*Extracted entries*:
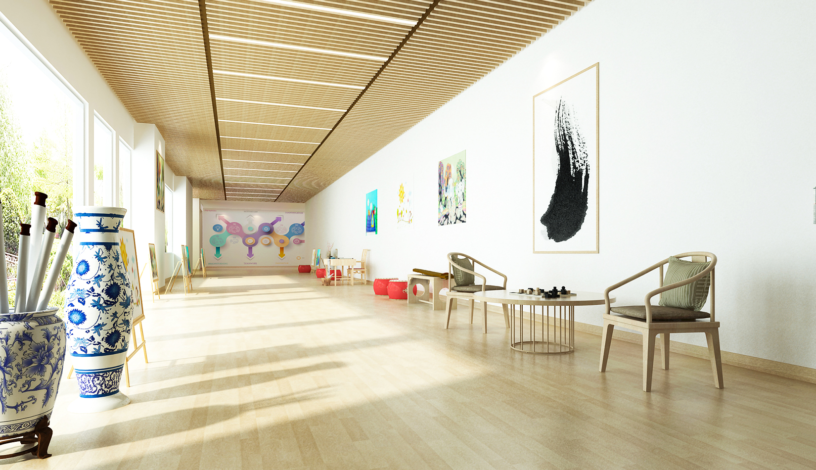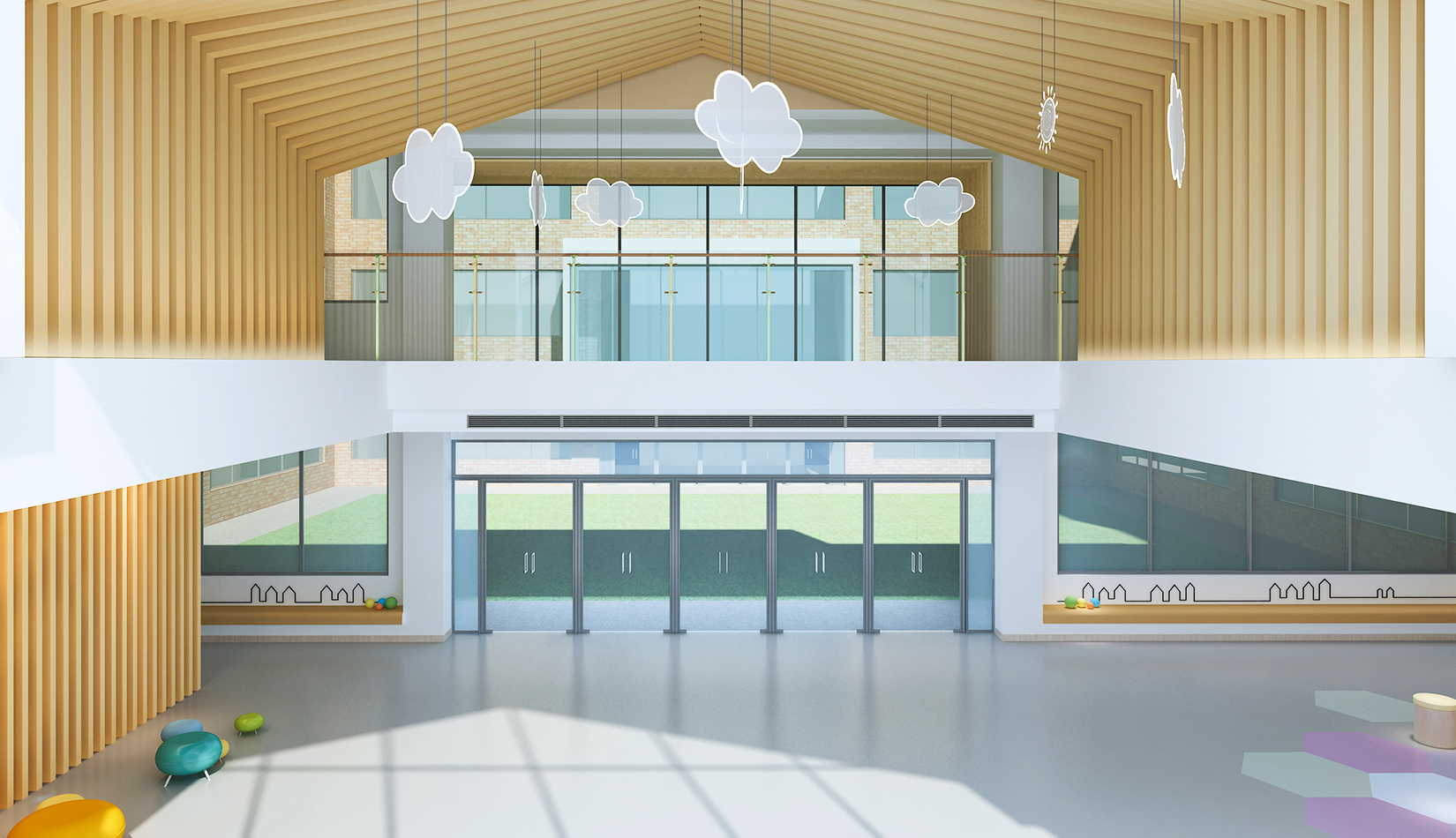 室內(nèi)延續(xù)建筑,空間內(nèi)部采光非常好。設(shè)計(jì)簡潔、現(xiàn)代,以白色為主色調(diào),搭配淺木色作為室內(nèi)顏色。活潑、好動(dòng)、天真、可愛是兒童最大的特點(diǎn),在其具體功能空間設(shè)計(jì)中,我們把這些特點(diǎn)和空間色彩結(jié)合起來,不同的空間根據(jù)其使用功能,采用了不同的色彩搭配。
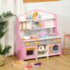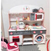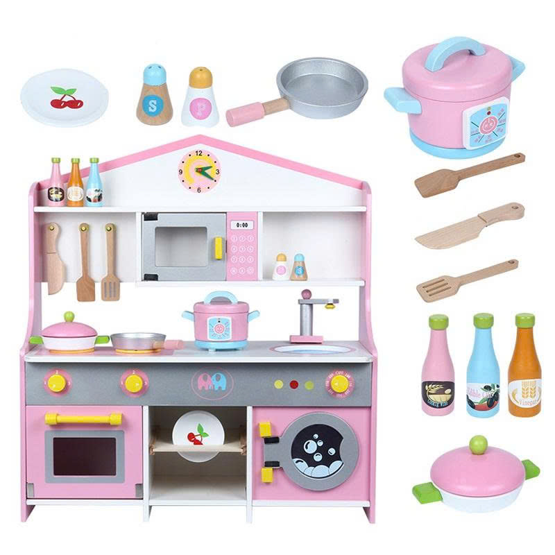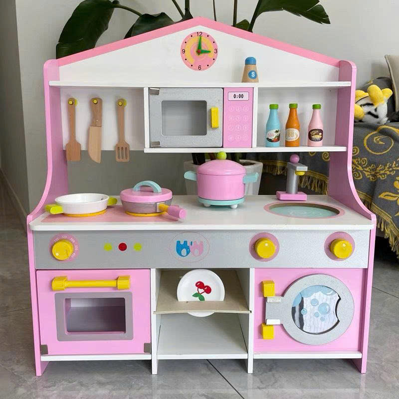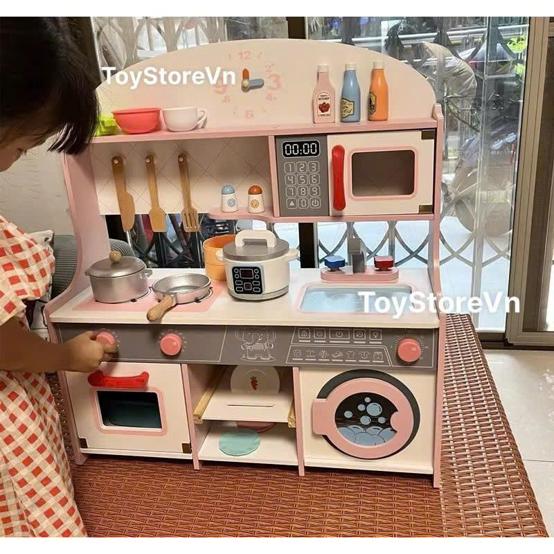 – Bộ đồ chơi bàn bếp nấu ăn bao gồm: xoong, chảo, đĩa, gia vị, dụng cụ nhà bếp, bồn rửa và còn tích hợp thêm lò nướng và máy giặt, chạn bát … mô phỏng như thật được làm bằng gỗ cao cấp
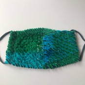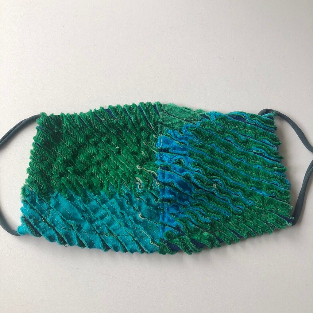 """スラッシュキルトの技法で素材から作られた一点もののマスクです。
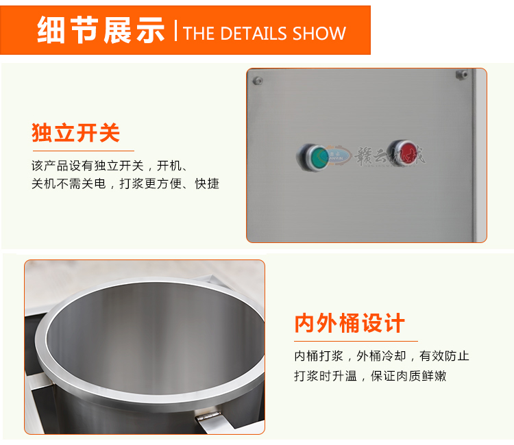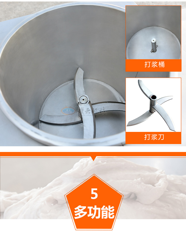 高速打漿機選用全不銹鋼制作,開機2-3分鐘即可完成打肉、配料,攪拌成漿。針對魚肉豬肉的纖維組織,高速生產過程中改善了肉質脂肪纖維,生產出的丸子外表光滑細嫩、低脂、口感爽脆,彈性好,韌性好,是潮州魚、肉丸的專用打漿設備。此款肉丸高速打漿機還可以連續投料打漿,效率高,打漿效果好,根據肉丸生產產量需求可定做,因此深受肉丸加工廠家青睞設備!
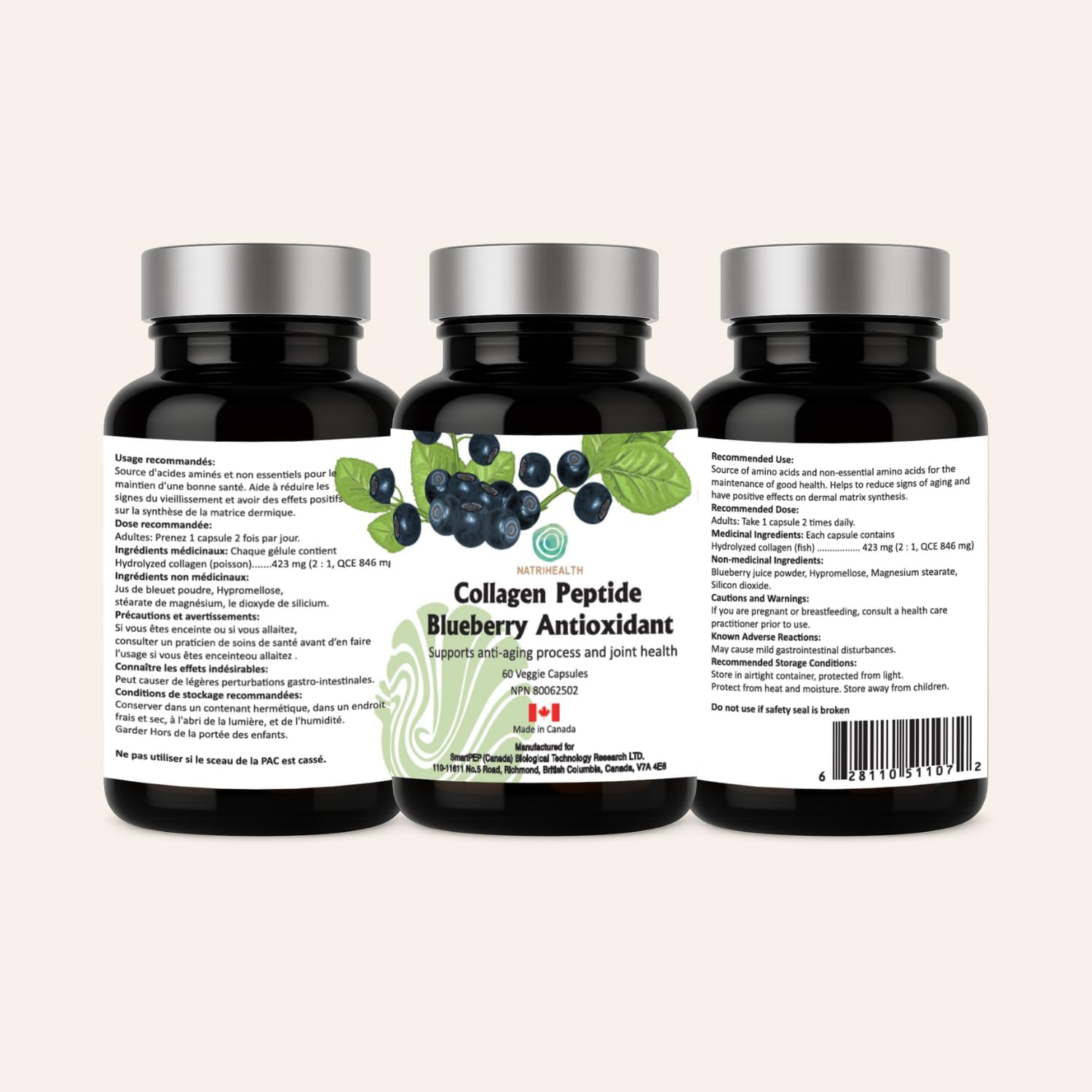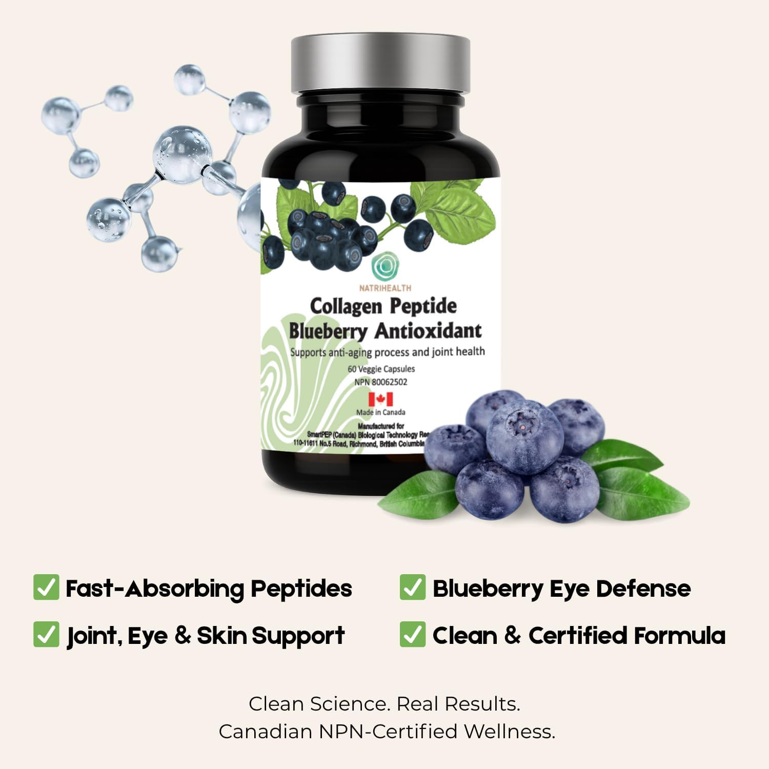 Support your wellness from the inside out with Natrihealth’s Hydrolyzed Marine Collagen Peptide Supplement — now enhanced with antioxidant-rich blueberry extract. Each vegan capsule contains ultra-small molecule collagen peptides (<2000 Daltons) for superior absorption and effectiveness.
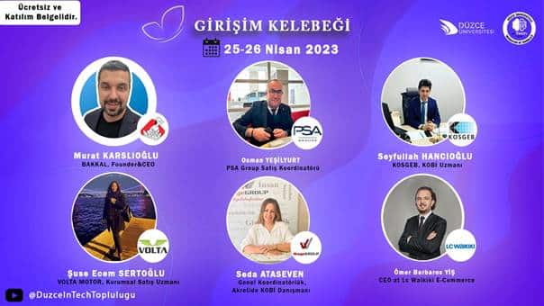 GİRİŞİM KELEBEĞİ 25-26 Nisan 2023 tarihlerinde 14.00-17.00 saatleri aralığında Düzce InTech Topluluğu YouTube hesabında canlı olarak gerçekleştirilecektir.
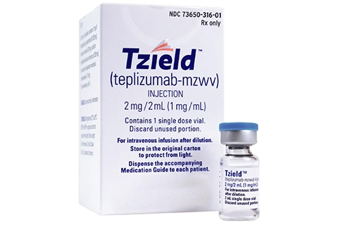 替利珠单抗(Teplizumab)用于延缓特定高危人群临床期(3期)1型糖尿病的发病。
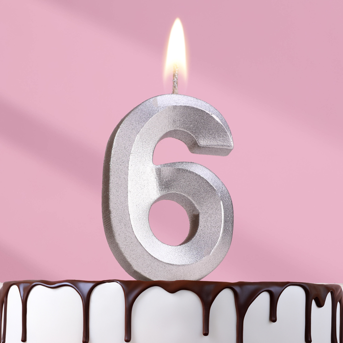Свеча цифра "6" грань СЕРЕБРО, 7.5см купить в Екатеринбурге | Кондитер Мания
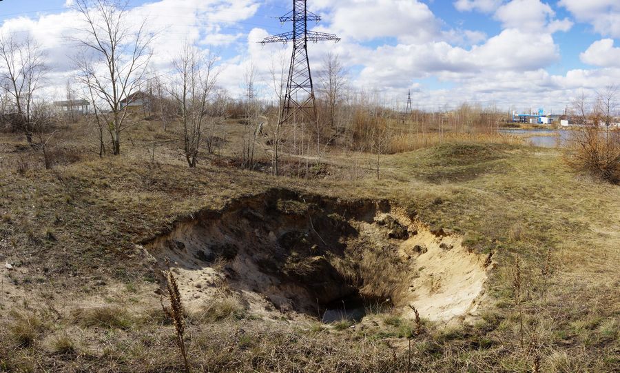Традиционно после совещания состоялась научная экскурсия по карстовым объектам – в этом году на участки в Нижегородской области, где регулярно появляются новые провалы и (или) происходит обновление старых воронок (рис. 1), уделяя особое внимание крупным карстовым формам (рис. 2, 3, 4).
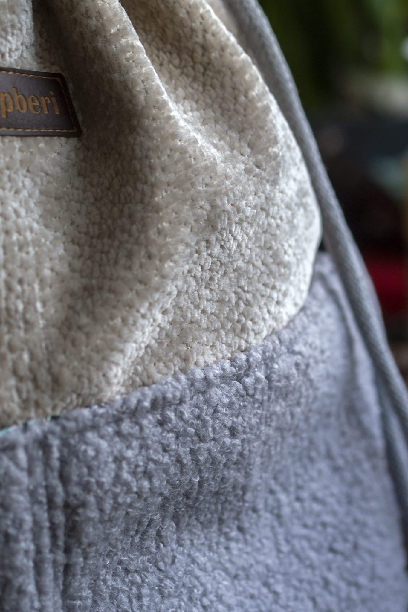 Dół tworzy dodatkowe miejsce na przechowywanie rzeczy - z przodu dwie kieszenie (np. na butelkę), z tyłu jedną duża kieszeń (idealna na tablet). Wykonane z jasnoszarej tkaniny typu "baranek".
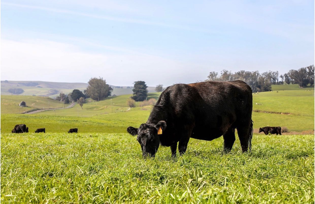 Stemple Creek cattle are always 100% grass-fed and grass-finished, which means they never eat corn, soy, or other grains. They also live their entire lives on open pastures and never see a feedlot. To make this possible, Stemple Creek grazes their cattle on the home ranch in Tomales, and on other seasonal pastures throughout Northern California.
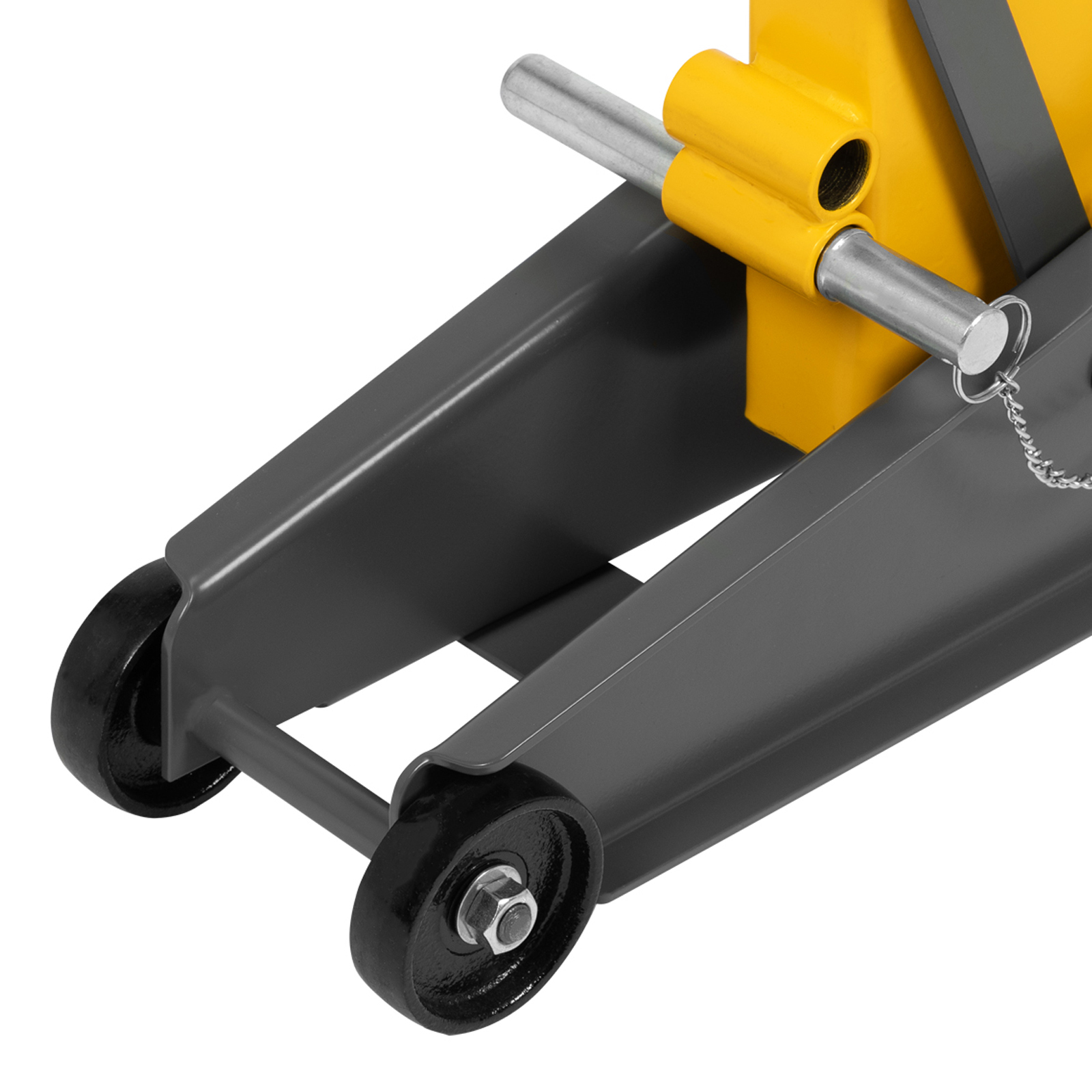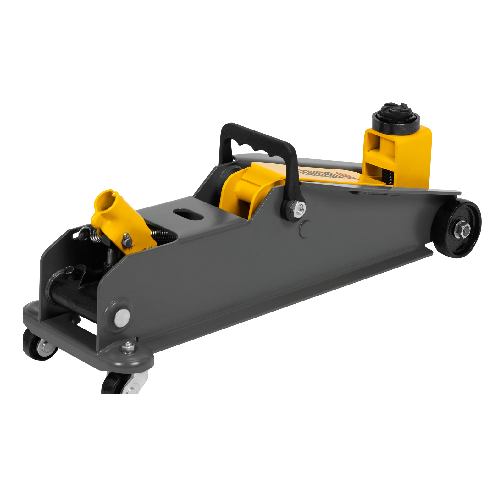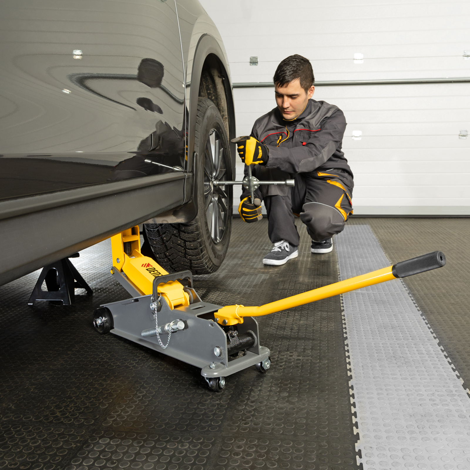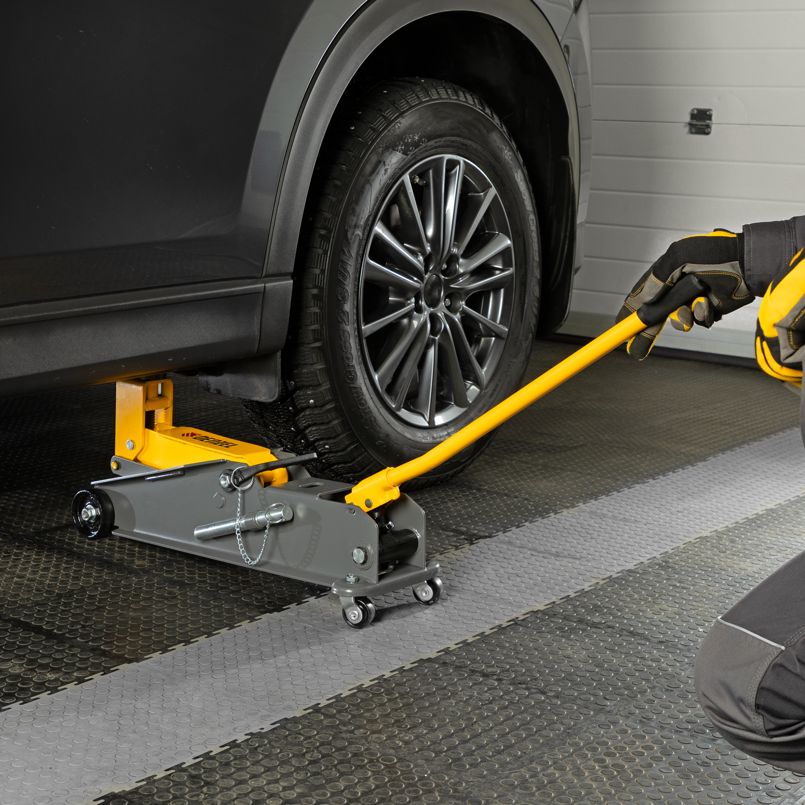 Гидравлический подкатной домкрат Denzel 51261 с фиксатором имеет высоту подхвата 190 мм и предназначен для плавного подъема грузов массой до 3 т (в том числе автомобилей класса SUV) на высоту до 532 мм. Страховочный штифт позволяет фиксировать подъемный рычаг на высоте 410 и 450 мм для безопасной работы. Домкрат пригодится владельцам легковых автомобилей со стандартным клиренсом.

*Task to complete*:
Reproduce all of the material above word for word. Omit the pictures.

*Task solution*:
 室內(nèi)延續(xù)建筑,空間內(nèi)部采光非常好。設(shè)計(jì)簡潔、現(xiàn)代,以白色為主色調(diào),搭配淺木色作為室內(nèi)顏色。活潑、好動(dòng)、天真、可愛是兒童最大的特點(diǎn),在其具體功能空間設(shè)計(jì)中,我們把這些特點(diǎn)和空間色彩結(jié)合起來,不同的空間根據(jù)其使用功能,采用了不同的色彩搭配。
 – Bộ đồ chơi bàn bếp nấu ăn bao gồm: xoong, chảo, đĩa, gia vị, dụng cụ nhà bếp, bồn rửa và còn tích hợp thêm lò nướng và máy giặt, chạn bát … mô phỏng như thật được làm bằng gỗ cao cấp
 """スラッシュキルトの技法で素材から作られた一点もののマスクです。
 高速打漿機選用全不銹鋼制作,開機2-3分鐘即可完成打肉、配料,攪拌成漿。針對魚肉豬肉的纖維組織,高速生產過程中改善了肉質脂肪纖維,生產出的丸子外表光滑細嫩、低脂、口感爽脆,彈性好,韌性好,是潮州魚、肉丸的專用打漿設備。此款肉丸高速打漿機還可以連續投料打漿,效率高,打漿效果好,根據肉丸生產產量需求可定做,因此深受肉丸加工廠家青睞設備!
 Support your wellness from the inside out with Natrihealth’s Hydrolyzed Marine Collagen Peptide Supplement — now enhanced with antioxidant-rich blueberry extract. Each vegan capsule contains ultra-small molecule collagen peptides (<2000 Daltons) for superior absorption and effectiveness.
 GİRİŞİM KELEBEĞİ 25-26 Nisan 2023 tarihlerinde 14.00-17.00 saatleri aralığında Düzce InTech Topluluğu YouTube hesabında canlı olarak gerçekleştirilecektir.
 替利珠单抗(Teplizumab)用于延缓特定高危人群临床期(3期)1型糖尿病的发病。
Свеча цифра "6" грань СЕРЕБРО, 7.5см купить в Екатеринбурге | Кондитер Мания
Традиционно после совещания состоялась научная экскурсия по карстовым объектам – в этом году на участки в Нижегородской области, где регулярно появляются новые провалы и (или) происходит обновление старых воронок (рис. 1), уделяя особое внимание крупным карстовым формам (рис. 2, 3, 4).
 Dół tworzy dodatkowe miejsce na przechowywanie rzeczy - z przodu dwie kieszenie (np. na butelkę), z tyłu jedną duża kieszeń (idealna na tablet). Wykonane z jasnoszarej tkaniny typu "baranek".
 Stemple Creek cattle are always 100% grass-fed and grass-finished, which means they never eat corn, soy, or other grains. They also live their entire lives on open pastures and never see a feedlot. To make this possible, Stemple Creek grazes their cattle on the home ranch in Tomales, and on other seasonal pastures throughout Northern California.
 Гидравлический подкатной домкрат Denzel 51261 с фиксатором имеет высоту подхвата 190 мм и предназначен для плавного подъема грузов массой до 3 т (в том числе автомобилей класса SUV) на высоту до 532 мм. Страховочный штифт позволяет фиксировать подъемный рычаг на высоте 410 и 450 мм для безопасной работы. Домкрат пригодится владельцам легковых автомобилей со стандартным клиренсом.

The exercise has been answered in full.